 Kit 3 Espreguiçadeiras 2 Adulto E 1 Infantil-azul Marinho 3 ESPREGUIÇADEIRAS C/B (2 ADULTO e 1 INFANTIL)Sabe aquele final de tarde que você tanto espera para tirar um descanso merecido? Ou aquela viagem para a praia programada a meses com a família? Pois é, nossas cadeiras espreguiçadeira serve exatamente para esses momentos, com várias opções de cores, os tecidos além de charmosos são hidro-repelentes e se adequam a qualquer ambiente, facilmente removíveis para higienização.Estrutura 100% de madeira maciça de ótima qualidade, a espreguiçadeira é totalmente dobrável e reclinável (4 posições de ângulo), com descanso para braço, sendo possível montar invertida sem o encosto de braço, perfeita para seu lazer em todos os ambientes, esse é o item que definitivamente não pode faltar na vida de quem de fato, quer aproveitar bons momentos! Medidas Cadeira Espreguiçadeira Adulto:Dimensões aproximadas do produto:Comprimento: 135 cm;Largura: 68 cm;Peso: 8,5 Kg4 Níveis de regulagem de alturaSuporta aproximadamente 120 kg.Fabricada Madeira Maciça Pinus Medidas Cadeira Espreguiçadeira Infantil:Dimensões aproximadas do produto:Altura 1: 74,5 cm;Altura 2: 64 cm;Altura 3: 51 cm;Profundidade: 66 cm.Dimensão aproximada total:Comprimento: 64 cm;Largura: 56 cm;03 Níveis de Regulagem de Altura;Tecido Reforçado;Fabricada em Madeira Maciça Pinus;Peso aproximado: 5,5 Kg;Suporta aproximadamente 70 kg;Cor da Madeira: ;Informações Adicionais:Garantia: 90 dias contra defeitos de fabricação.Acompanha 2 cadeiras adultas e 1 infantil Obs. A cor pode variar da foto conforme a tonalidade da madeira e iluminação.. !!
━━━━━━━━
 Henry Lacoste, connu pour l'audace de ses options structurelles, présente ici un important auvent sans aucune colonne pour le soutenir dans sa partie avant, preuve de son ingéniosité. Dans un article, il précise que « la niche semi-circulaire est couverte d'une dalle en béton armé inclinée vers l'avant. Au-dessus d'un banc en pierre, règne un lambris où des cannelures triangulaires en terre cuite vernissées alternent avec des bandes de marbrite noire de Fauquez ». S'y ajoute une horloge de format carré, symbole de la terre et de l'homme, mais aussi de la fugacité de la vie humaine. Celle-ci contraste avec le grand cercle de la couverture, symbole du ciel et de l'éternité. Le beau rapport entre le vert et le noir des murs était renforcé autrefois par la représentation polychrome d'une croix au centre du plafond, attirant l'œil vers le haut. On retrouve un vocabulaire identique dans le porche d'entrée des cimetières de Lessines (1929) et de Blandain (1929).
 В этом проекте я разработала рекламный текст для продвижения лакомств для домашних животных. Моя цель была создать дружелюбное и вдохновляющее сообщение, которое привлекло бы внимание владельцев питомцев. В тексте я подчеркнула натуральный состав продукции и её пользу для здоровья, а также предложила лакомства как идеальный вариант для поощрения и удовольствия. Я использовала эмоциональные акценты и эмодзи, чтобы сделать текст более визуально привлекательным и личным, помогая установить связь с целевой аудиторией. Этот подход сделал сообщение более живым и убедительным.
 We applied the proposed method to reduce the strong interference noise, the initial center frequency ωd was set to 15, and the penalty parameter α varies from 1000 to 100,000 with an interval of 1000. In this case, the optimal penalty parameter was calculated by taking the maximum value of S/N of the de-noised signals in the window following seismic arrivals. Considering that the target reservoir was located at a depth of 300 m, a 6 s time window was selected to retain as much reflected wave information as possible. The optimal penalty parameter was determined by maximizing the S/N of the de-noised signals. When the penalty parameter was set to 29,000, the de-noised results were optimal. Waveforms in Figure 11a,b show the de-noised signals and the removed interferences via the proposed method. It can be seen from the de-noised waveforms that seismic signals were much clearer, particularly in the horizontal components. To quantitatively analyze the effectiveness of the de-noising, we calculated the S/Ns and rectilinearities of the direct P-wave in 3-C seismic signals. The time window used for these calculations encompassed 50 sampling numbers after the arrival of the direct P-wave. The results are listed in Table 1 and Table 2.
━━━━━━━━
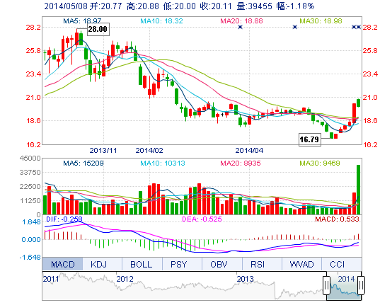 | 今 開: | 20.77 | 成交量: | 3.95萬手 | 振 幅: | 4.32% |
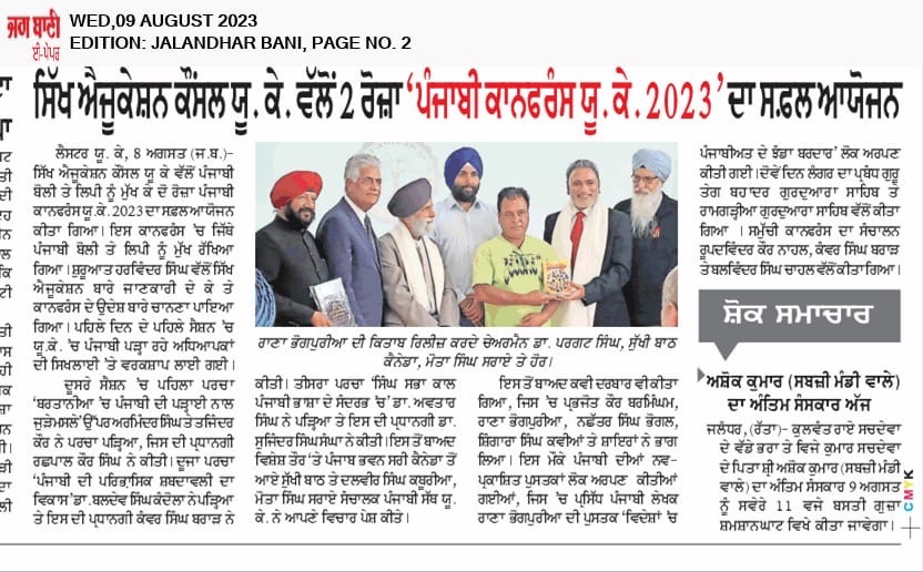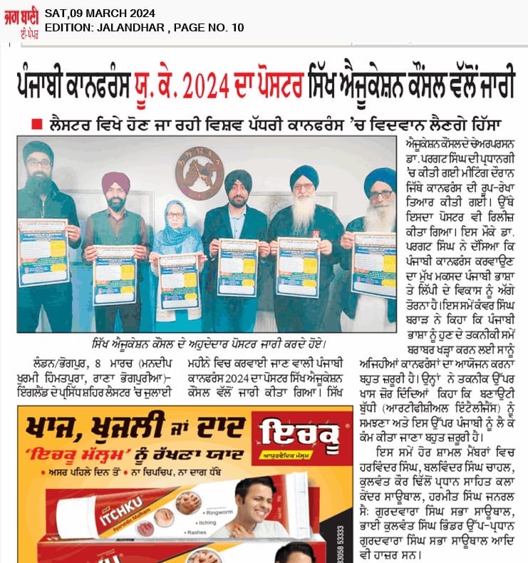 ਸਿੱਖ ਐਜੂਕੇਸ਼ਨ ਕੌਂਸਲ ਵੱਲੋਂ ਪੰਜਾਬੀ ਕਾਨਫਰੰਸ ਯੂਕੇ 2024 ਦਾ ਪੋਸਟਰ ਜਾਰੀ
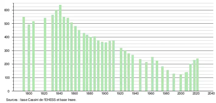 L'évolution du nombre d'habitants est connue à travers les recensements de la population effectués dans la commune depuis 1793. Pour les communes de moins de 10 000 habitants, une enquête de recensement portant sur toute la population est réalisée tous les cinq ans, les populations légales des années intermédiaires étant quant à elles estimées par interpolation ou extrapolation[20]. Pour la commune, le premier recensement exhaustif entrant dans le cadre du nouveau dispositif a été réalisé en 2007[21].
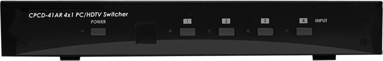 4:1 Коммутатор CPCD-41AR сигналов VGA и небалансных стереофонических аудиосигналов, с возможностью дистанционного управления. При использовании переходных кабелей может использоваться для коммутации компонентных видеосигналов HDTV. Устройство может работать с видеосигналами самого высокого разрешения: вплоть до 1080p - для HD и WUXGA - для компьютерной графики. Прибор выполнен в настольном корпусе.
━━━━━━━━
PROBLEM TO WORK ON —
Everything between and including the line above containing "L'évolution du nombre" and the line containing "4:1 Коммутатор CPCD-41AR" should be reproduced exactly, with pictures excluded.

TASK SOLUTION —
 L'évolution du nombre d'habitants est connue à travers les recensements de la population effectués dans la commune depuis 1793. Pour les communes de moins de 10 000 habitants, une enquête de recensement portant sur toute la population est réalisée tous les cinq ans, les populations légales des années intermédiaires étant quant à elles estimées par interpolation ou extrapolation[20]. Pour la commune, le premier recensement exhaustif entrant dans le cadre du nouveau dispositif a été réalisé en 2007[21].
 4:1 Коммутатор CPCD-41AR сигналов VGA и небалансных стереофонических аудиосигналов, с возможностью дистанционного управления. При использовании переходных кабелей может использоваться для коммутации компонентных видеосигналов HDTV. Устройство может работать с видеосигналами самого высокого разрешения: вплоть до 1080p - для HD и WUXGA - для компьютерной графики. Прибор выполнен в настольном корпусе.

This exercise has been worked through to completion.